Because the features "Age", "Cabin" and "Embarked" contain null-values they must be further optimized at a later time.

Until here everything seems fine, so let's start with data analysis.

#  <a id="2">2. Exploring the Data</a> 

Let's take a look at the complete data and analyze the features.

In [None]:
train_prep.info()

**Dataset structure:**

*  PassengerID (int64): Used for passenger identification
* Survived (int64): Survived classification (0 = No, 1 = Yes)
* Pclass (int64): Ticket class 1 = 1st, 2 = 2nd, 3 = 3rd (A proxy for socio-economic status (SES))
* Name (string): Name
* Sex (string): Sex (male, female)
* Age (float64): Age in years. Fractional if less than 1
* SibSp (int64): Family relations (siblings, spouses)
* Parch (int64): Family relations (parent, children)
* Ticket (string): Ticket number
* Fare (float64): Ticket price
* Cabin (string): Cabin number
* Embarked (string): Port of Embarkation (C = Cherbourg, Q = Queenstown, S = Southampton)

With this information we can categorizes the features for further analysis and classification:
*  **Numerical:** PassengerId, Age, SibSp, Parch, Fare
* **Categorical:** Survived, Pclass, Sex, Embarked
* **Text:** Name, Ticket, Cabin

Because "Sex" and "Embarked" are nominal or non-numerical we later need to convert these features.

**Observations:**

Our dataset contains 891 entries which of 341 (891*0.383838) people survived the disaster.

In [None]:
sns.pairplot(pd.get_dummies(train_prep, columns=["Sex"], drop_first=True), hue="Survived")
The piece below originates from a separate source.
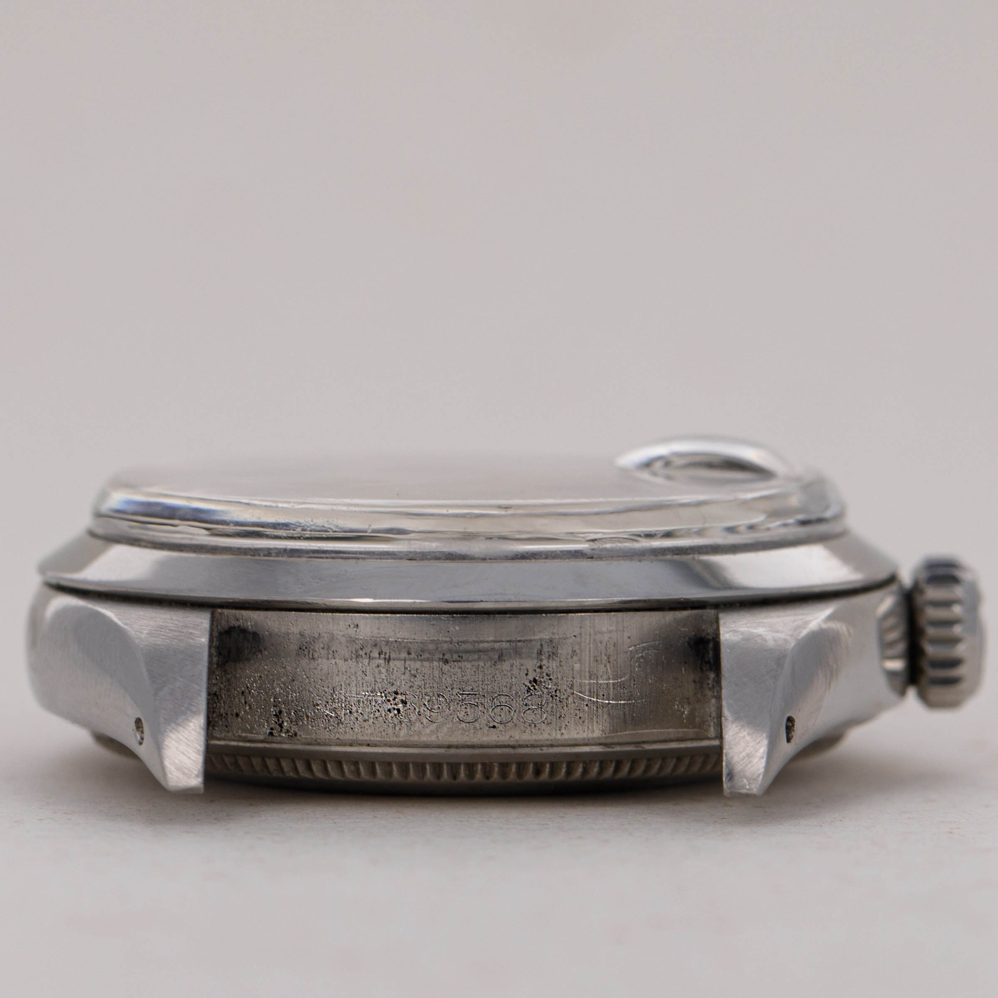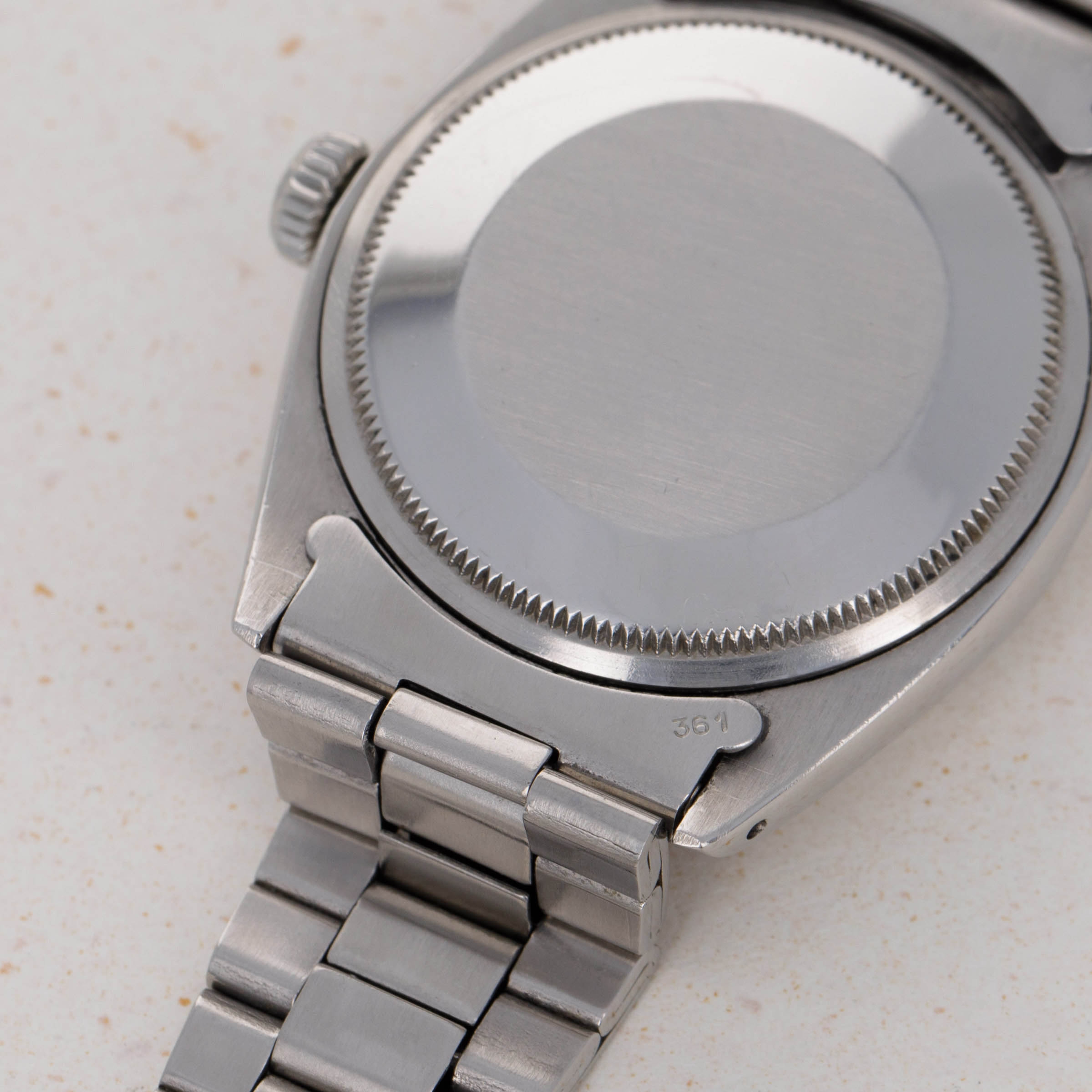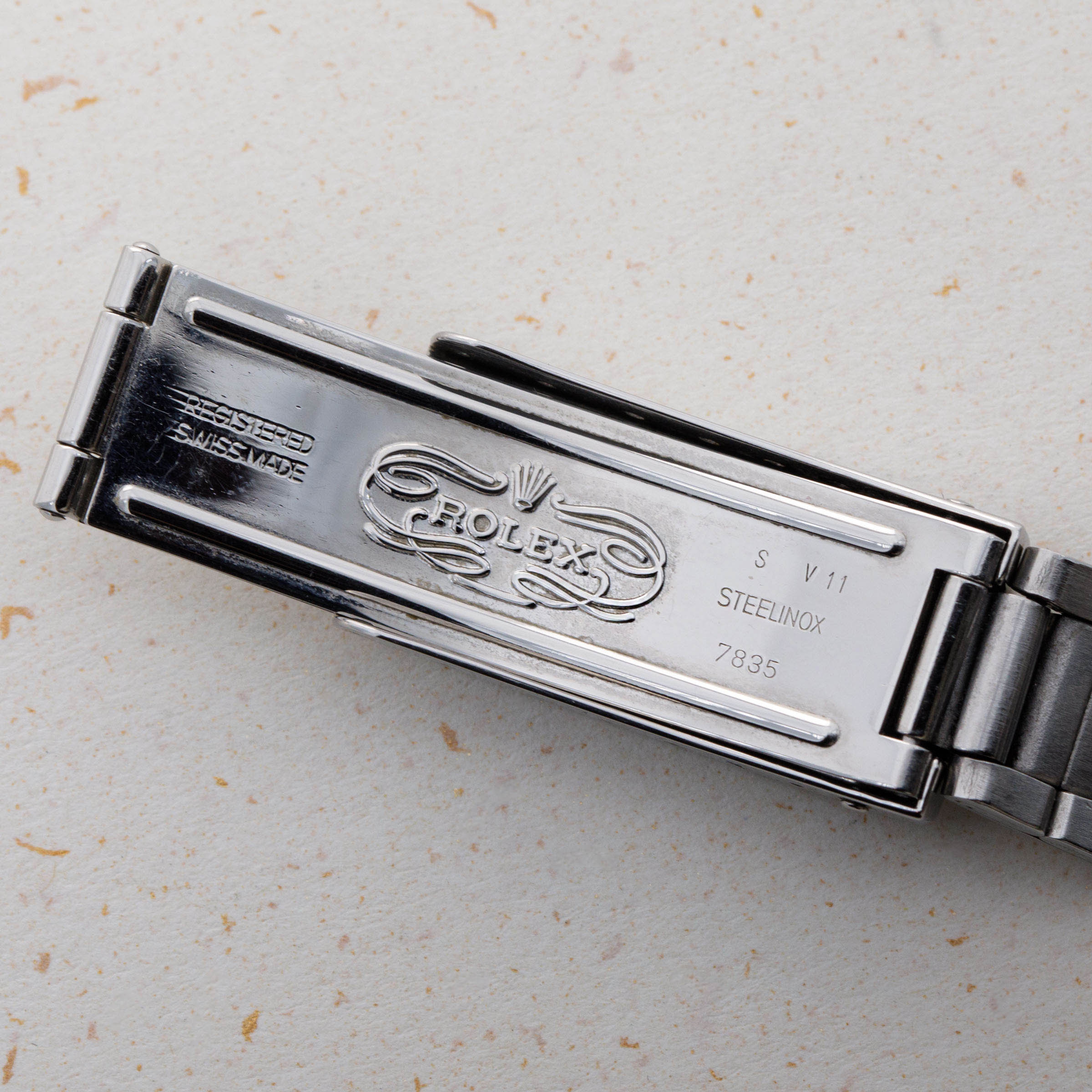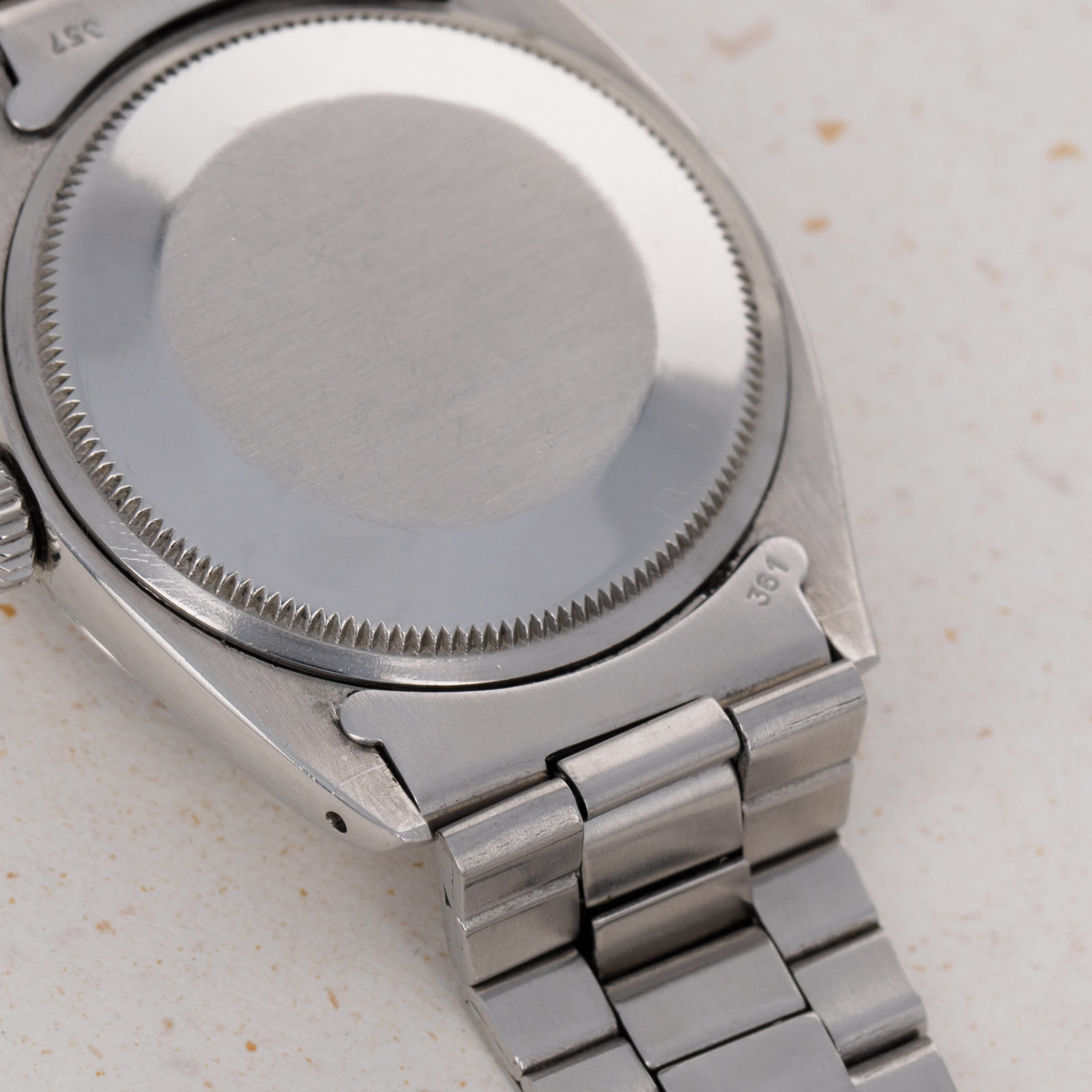 Watch is in excellent overall condition. Case has been previousy polished, and there is only minimal surface wear visible. Dial is in very good condition, with some oxidation visible around the date window and imperfect luminous plots. The watch comes on a bracelet with 13 links total, that fits an approx 7 1/2" wrist on its largest setting. Bracelet has some light stretch.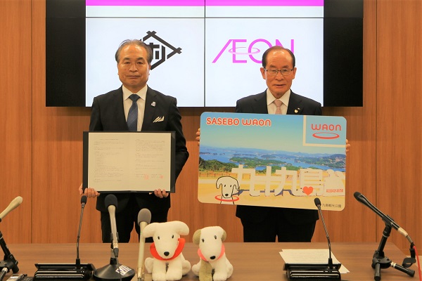 佐世保市とイオン株式会社との「包括連携協定」締結式でイオン九州株式会社代表取締役の柴田社長と記念撮影をする市長

Furthermore we can see that the features "Age", "Sex", "Pclass", "SibSp" and "Parch" influence the survivability.

1.  The percentage of young people surviving is higher
2.  More females than male survived the disaster.
3.  Solo travelers survived more often
4.  The higher the class the more people survived

** Interpretation **

The reason for the first two observations may be the Birkenhead Drill which is famously known for "Women and children first". The higher odds of solo travelers are most likely explained by the fact that they frequently backfilled lifeboats and only had to fight for their own survival. As mentioned previously, higher-class passengers had access to luxurious equipment and cabins. Probably their way to the lifeboats were thus shorter and easier to control.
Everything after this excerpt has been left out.